= Blaine Harden =

American journalist and author (born 1952)

Blaine Harden (born 1952) is an American journalist and author. His 2012 book Escape from Camp 14 is an official biography of North Korean defector Shin Dong-hyuk.

==Journalism==
Harden worked for 28 years for The Washington Post as a correspondent in Africa, Eastern Europe and Asia, as well as in New York and Seattle. Harden worked for 4 years as a local and national correspondent for The New York Times and a writer for the Times Magazine. He has also worked as a reporter for Frontline, The Economist, Foreign Policy, National Geographic and The Guardian.

==Books==
Harden's debut book was in 1990, called Africa: Dispatches from a Fragile Continent.

His second book was in 1996, titled A River Lost about the damming of the wild Columbia river and its ecological consequences. Harden and his book are featured in the PBS American Experience program titled Grand Coulee Dam, about the Grand Coulee Dam.

His third book came out in 2012 titled Escape from Camp 14. It is an official biography of North Korean defector Shin Dong-hyuk. In January 2015, Harden announced that Shin had admitted to lying about several aspects of his story.
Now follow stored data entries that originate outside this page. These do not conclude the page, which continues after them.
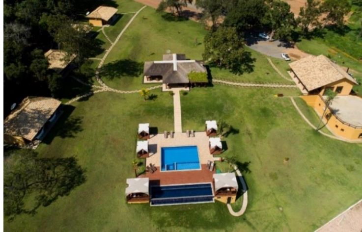
View over Pousada Boyrá

Leaving this special place behind, we will make a 45-minute drive to our next accommodation, Pousada Boyrá. This fantastic riverside lodge is located close to the banks of the Rio Formoso and near the meeting point with the Cristalino River. A small boutique eco-lodge, we are again surrounded by excellent habitat and close to the main areas we wish to explore. We will settle into our lovely rooms and may have time for a swim in the pool here or acquaint ourselves with the extensive grounds and abundant wildlife before dinner.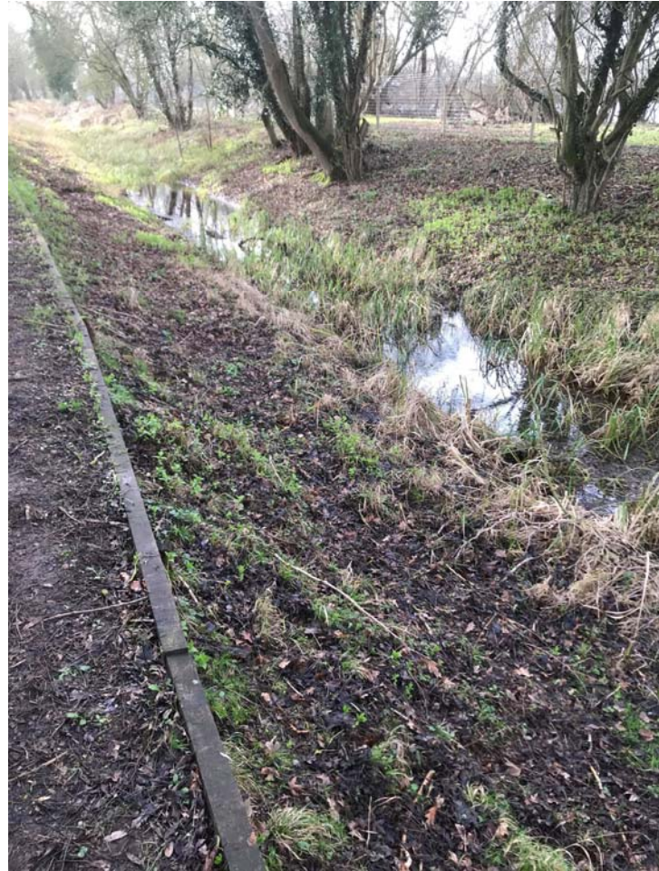
Hyde lane corporate group and slow rewatering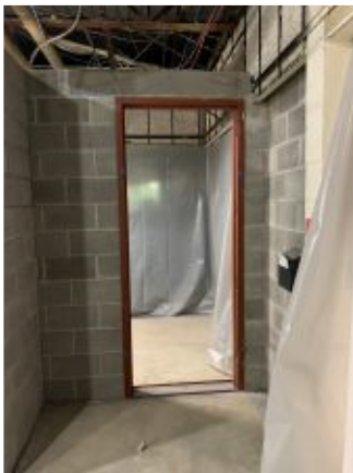
2020.06.09 – Door frame installed at Hinsdale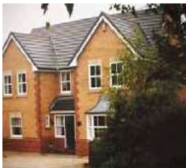
Retention and additional planting of native species of hedgerow and trees can help soften new properties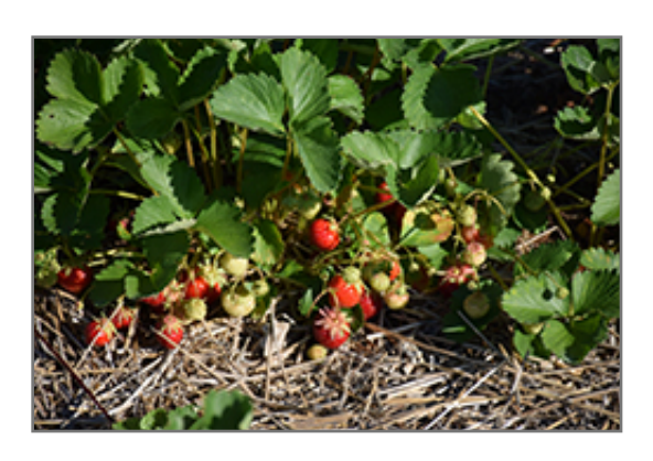
Jewel Strawberry fruit

Harden's fourth book The Great Leader and the Fighter Pilot was released in March 2015. It is a dual biography of Kim Il Sung, the founder of North Korea and No Kum-sok, a defector who stole a MiG-15 and landed it in South Korea.

Harden's fifth book King of Spies was released in October 2017. It is a biography of Air Force Major Donald Nichols, an intelligence officer who operated for 11 years in Korea before, during, and after the Korean War.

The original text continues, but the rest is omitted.